I cling to that knowledge and dig in.

"I like being out of the hospital" (Nadine)

At 3PM Friday June 26th, Erek and I loaded Nadine's stuff into the huge, picturesque wooden wagon brought by Nurse Denise, and Nadine left the hospital for her 3-day "break", amidst goodbyes to the friends she had made among nurses, staff, and families. And off we went into the sunny day.

First we went to Ronald MacDonald House, where I gave her the "tour" of the spacious lovely lounges and halls, the well-stocked kitchen, the beautiful wooden outdoor deck, the woods, our sun-drenched room. The doctors had approved the "run of the place" although she had to mask when other people were there unless outside.

She sat on the deck, and after sitting with her I experienced, finally, the urge to play the piano, and play I did. Chopin, Beethoven, improvisations, tumbled out. A month of almost no music, then a flood as soon as she left the hospital. I had played once, and it had felt awkward and halting -- I had barely remembered the Chopin nocturne I'd known like the back of my hand. Now the music had returned along with Nadine.

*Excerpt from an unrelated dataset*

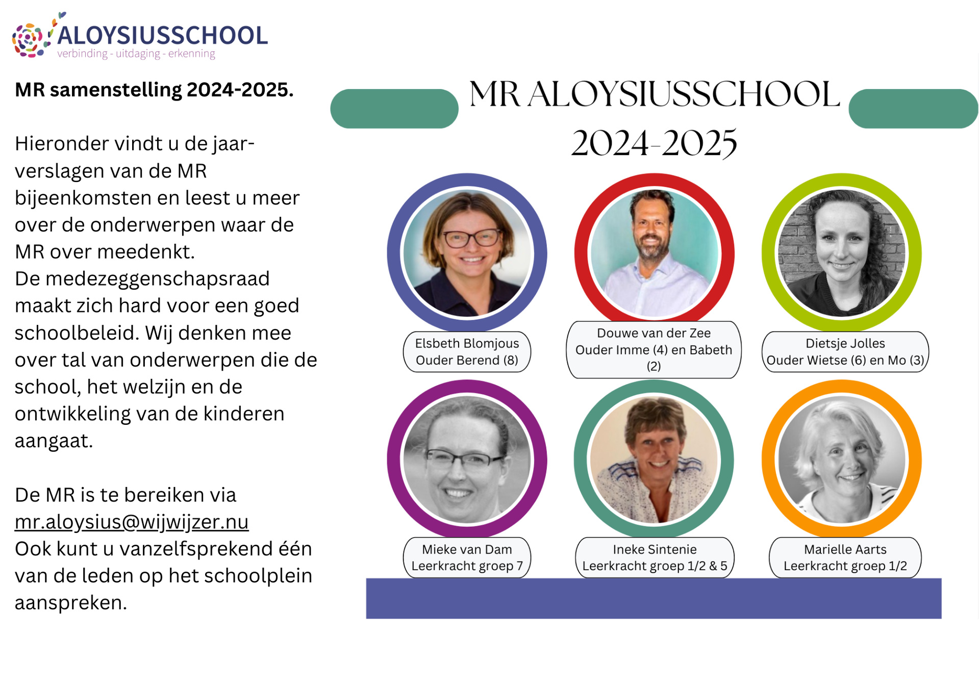 Mocht u vragen hebben, of onderwerpen die besproken moeten worden dan kunt u de MR bereiken via ons e-mailadres (mr.aloysius@wijwijzer.nu). Natuurlijk kunt u ook één van ons aanspreken op het schoolplein.

Nadine was hungry, and wanted to try Paola's, the nearby Mexican restaurant Erek had gone to. We bundled into the car, and as we drove along the tree-lined street Nadine announced, "I LIKE BEING OUT OF THE HOSPITAL". Nadine got to enjoy sitting at a booth with us, and ordered a burrito and horchata-- she still had to "hold" the lettuce, but was a good sport and thoroughly enjoyed the meal. It all felt like a feast.

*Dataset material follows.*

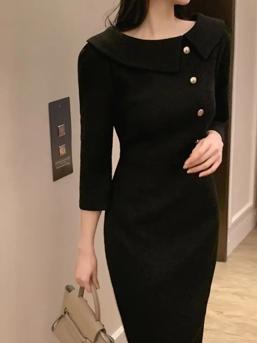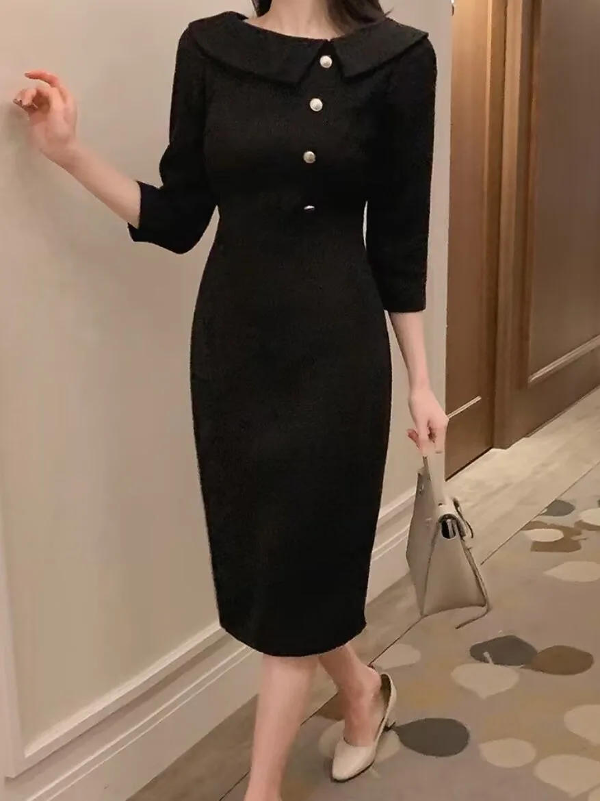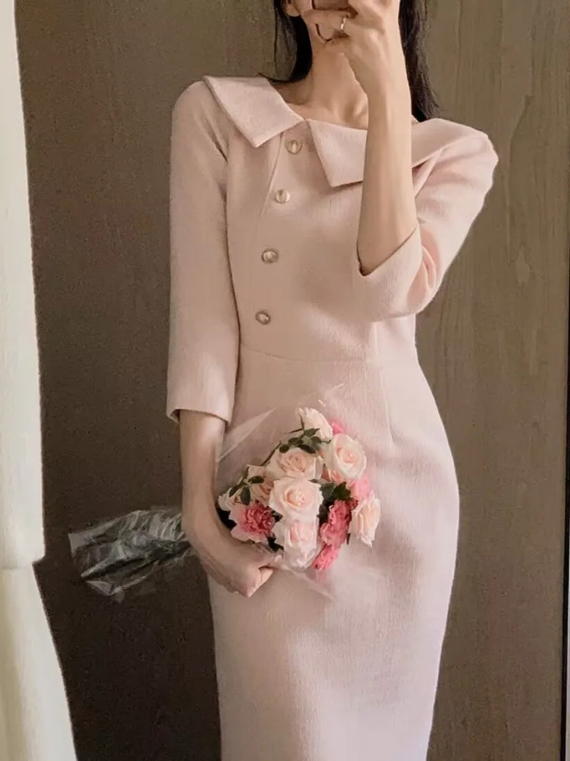 우아한 중간 길이 민소매 여성 드레스 한국 스타일 통근 하이 웨이스트 슬리밍 봄 패션 아이템 싱글 피스

We returned to the house to find my friend Sue Klassen there, offering one of her long, warm hugs. And there was Barry, Nadine's dad, a smile in his eyes. Nadine and Barry happily hauled off to the outdoor deck.

At about 7PM we all lounged in our room. I was lying on the bed when and someone suggested a game of Settlers of Catan, my favorite game. Delighted, I closed my eyes. When I opened them, everyone was gone. About 2 hours had gone by! My exhaustion had finally caught up with me. Laughing ruefully, I left the room to find Erek, Barry and Nadine busily doing a 1000-piece puzzle on the table in the second floor lounge. All was well.

At 10, Barry Nadine and Erek loaded themselves into Barry's gorgeous little black 1982 Cabriolet convertible (top down) and away they went to pick up Kate, Erek's sweetheart at the airport.

As for me, I went to bed. I briefly got up to welcome Kate, and turned in for the night. I wondered if the rest of them would wake me when they came in, but the next thing I knew it was morning.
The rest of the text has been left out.